Their mothers and their sisters say there is not so stupid a place in the
county, he hasn't a word to say for himself, and they would just as soon
go to Portland at once as to a party here.'

'Then it is a great shame! I am sure Aunt Mary works hard to make it
pleasant for them!'

'Oh yes, good soul, she does, she can't help it; but when people have
stuck in the mud all their lives, they can't know any better, and it is
abominably hard on a fellow who does, to be under a man who has been an
office cad all his life, and doesn't know what is expected of a
gentleman! Screwing us all up like beggars--'

'Herbert, for shame! for shame! As if he was obliged to do anything at
all for us!'

'Oh, isn't he? A pretty row my mother would kick up about his ears if he
did not, when I must come after him at this place, too!'

'I think you are very ungrateful,' said Constance, with tears, 'when they
are so good to us.'

'Oh, they are as kind as they know how, but they don't know. That's the
thing, or old Frank would be ashamed to give me such a dirty little
allowance. He has only himself to thank if I have to come upon him for
more. Found out about the Blackbird colt, has he? What a bore! And tin
I must have out of him by hook or by crook if he cuts up ever so rough.
I must send off this bird first by the post to confute Stanhope and make
him eat dirt, and then see what's to be done.'

'Indeed, Bertie, I don't think you will see him to-night. His head is
dreadful, and Aunt Mary has sent for Mr.

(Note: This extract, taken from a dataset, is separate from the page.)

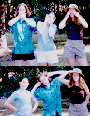 This is me and my two wonderful friends, Kathryn and Erin. We were at my house goofing around - Hear no, see no, speak no evil! But the bottom is our rendition of the way things really are ;)

Trotman.'

'Whew! You have not got anything worth having, I suppose, Conny?'

'Only fifteen shillings. I meant it for-- But you shall have it, dear
Bertie, if it will only save worrying them.'

'Fifteen bob! Fifteen farthings you might as well offer. No, no, you
soft little monkey, I must see what is to be made of him or her ladyship,
one or the other, to-day or to-morrow. If they know I have been at the
place it is half the battle. Consequence was! Provided they don't smell
out this unlucky piebald! I wish Stanhope hadn't been such a beast!'

At that moment, too late to avoid her, Lady Northmoor, pale and anxious,
came up the path and was upon them. 'Your uncle is asleep,' she began,
but then, starting, 'Oh, Conny. Poor Whitewing. Did you find him?'

Constance hung her head and did not speak. Then her aunt saw how it was.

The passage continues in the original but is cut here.